To determine whether the number of packets used to sample affects the statistical results obtained.

 

Method

This was conducted on the Dell Dual Xeon 1.7 machines on the GigE interface, with minimal load on the machines.

Using constant intervals of 1 second and a packet size of 1400 (ICMP, ie 1408bytes IP) for every packet sent, we varied the number of packets sent. The min, max, ave and stdev of the sample was then found.

In order to overcome arp recaching, a single ping of the same type was sent before the test for each test.

A rather large sample set was used ranging from 1 single ping to 100 pings.

 

Scripts

A wrapper script around ping was used.

do_number.pl - given a list of numbers, will conduct the ping tests and write a summary table of results.
ping-cook.pl - required script to generate table information for ping

 

Results

The complete set of log files can be found here.

There was no packet loss and no reordering of the packets

Surprisingly, there is a slight variation in the minimum rtt.
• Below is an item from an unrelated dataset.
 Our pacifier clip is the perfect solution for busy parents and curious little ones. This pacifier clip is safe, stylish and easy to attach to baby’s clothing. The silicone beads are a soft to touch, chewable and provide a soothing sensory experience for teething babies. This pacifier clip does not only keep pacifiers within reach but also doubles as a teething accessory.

This is most likely due to cpu load on the source and or sink causing kernel space time differences in processing the echo/reply. It may also be due to interrupt coalesing.

The average rtt is pretty constant (ignore the first point - slight bug in the calculation of ave for single values - it's been sorted), with a an average of 0.201 (3dp) from the average of the averages. From this run, if we were to use less than 3 packets, we get a slightly higher value of about 0.203/5.